GPT-4 Tutorial: How to Chat With Multiple PDF Files (~1000 pages of Tesla's 10-K Annual Reports)
Based on Chat with data's video on YouTube. If you like this content, support the original creators by watching, liking and subscribing to their content.
Convert each PDF to text, then chunk it to fit model context limits before embedding.
Briefing
Answering questions across multiple massive PDF files—like several years of Tesla 10-K annual reports—becomes practical when each document is converted into searchable embeddings and the system can dynamically route a user’s question to the right year-specific “namespace” in a vector database. The core payoff: a single chat can retrieve relevant passages from 2020, 2021, and 2022 reports, then compute or summarize across them while citing the underlying page sources.
The workflow starts with ingestion. Each PDF is converted from binary into text, then split into chunks because models only handle limited context at a time. Those chunks are embedded into numeric vectors (representations of meaning) and stored in a vector store so retrieval can happen fast. The design uses separate namespaces per year—e.g., Tesla 2020, Tesla 2021, Tesla 2022—so the system can search within the correct subset of documents. Pinecone is used as the vector store, and the embeddings dimension must match the embedding model output (the transcript notes 1536 for OpenAI embeddings). During ingestion, metadata such as page numbers and source references are attached to chunks so answers can be grounded with citations.
Query-time logic is where multi-year analysis is made to work. For a single-year question, the system can search one namespace directly. But cross-year questions require a routing strategy: the system must determine which years the user is referring to, then search multiple namespaces and combine the retrieved context. To avoid hard-coding, GPT-4 is used to extract the years from the user’s question (via a function that returns the referenced years). Those years are mapped to the corresponding namespaces.
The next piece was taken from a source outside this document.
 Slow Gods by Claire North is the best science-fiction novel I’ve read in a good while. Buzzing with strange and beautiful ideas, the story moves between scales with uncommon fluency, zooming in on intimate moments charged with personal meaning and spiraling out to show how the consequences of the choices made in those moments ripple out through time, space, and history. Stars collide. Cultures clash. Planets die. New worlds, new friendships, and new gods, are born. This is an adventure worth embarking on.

Once the relevant namespaces are identified, the system retrieves top-matching chunks from each, merges the context, and sends it to GPT-4 to produce a synthesized answer.
The transcript demonstrates this with finance-style prompts such as “What were the risk factors for Tesla 2022?” (with page-level references) and then escalates to questions spanning multiple years, like gross margin changes over three years and revenue growth calculations. In the multi-year case, the system not only pulls supporting excerpts from each annual report but also performs arithmetic based on the retrieved statements (for example, computing revenue growth using consolidated statement figures). The demo also references a front-end and API adaptation, with LangChain chains orchestrating the steps: extracting years, retrieving from Pinecone namespaces, and generating the final response.
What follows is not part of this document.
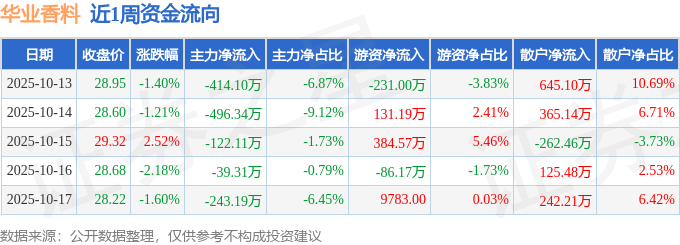 资金流向数据方面,本周华业香料主力资金合计净流出1315.04万元,游资资金合计净流入199.57万元,散户资金合计净流入1115.47万元。本周资金流向一览见下表:

Implementation details reinforce operational realism: ingestion is done via scripts that load PDFs from a reports folder, chunk them (the transcript mentions chunk sizes and overlap), and insert vectors in batches because Pinecone has limits (the transcript notes a recommendation around 100 vectors per insert). The result is an architecture that can chat over roughly a thousand pages across multiple PDFs while keeping answers tied to the original documents—turning tedious reading into targeted, source-cited analysis across time.
Cornell Notes
The system turns each year’s Tesla 10-K PDFs into text chunks, embeds those chunks into vectors, and stores them in a vector database (Pinecone) under year-specific namespaces (e.g., Tesla 2020, Tesla 2021, Tesla 2022). When a user asks a question, GPT-4 extracts which years are referenced, maps those years to the matching namespaces, retrieves the most relevant chunks from each, and then generates a combined answer with citations to the source pages. This dynamic namespace routing is what enables cross-year analysis instead of only single-PDF Q&A. Page numbers and source references are preserved as metadata during ingestion so the final responses can be checked against the original filings.
Why convert PDFs into embeddings and store them in a vector database?
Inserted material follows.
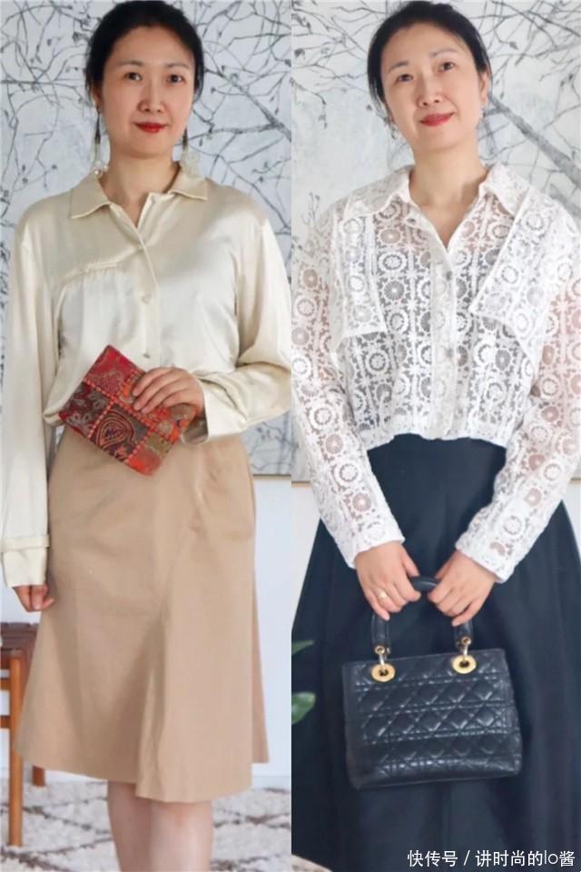 如果想要打造出更加高级的造型,那就比较建议大家多尝试选用了绸缎面材质,或者是蕾丝材质的上衣。前者能够打造出贵气十足的风格,而后者则能增添少女感,能打造出减龄的效果。

What problem does “namespaces per year” solve?
How does the system handle questions that mention multiple years without hard-coding?
How are citations and page references preserved?
What operational constraints matter when inserting vectors into Pinecone?
What kinds of questions work best in this setup?
Review Questions
- How does dynamic year extraction change the retrieval process compared with a fixed single-namespace approach?
- Describe the ingestion pipeline from PDF to Pinecone, including chunking and metadata. Why is chunking necessary?
- What configuration details (e.g., embedding dimension, index name, environment) must match between code and Pinecone for insertion and retrieval to work?
Key Points
- 1
Convert each PDF to text, then chunk it to fit model context limits before embedding.
- 2
Store embeddings in Pinecone under year-specific namespaces so retrieval can be scoped to the right annual report.
- 3
Use GPT-4 to extract which years a user’s question references, then map those years to the correct namespaces dynamically.
- 4
Retrieve relevant chunks from each identified namespace, merge the context, and generate a synthesized answer with citations.
- 5
Attach page numbers and source references as metadata during ingestion so answers can be cross-checked in the original filings.
- 6
Insert vectors in batches to respect Pinecone limits, and ensure embedding dimensions and Pinecone configuration match the code.
- 7
Use LangChain chains to orchestrate year extraction, vector retrieval, and final GPT-4 response generation.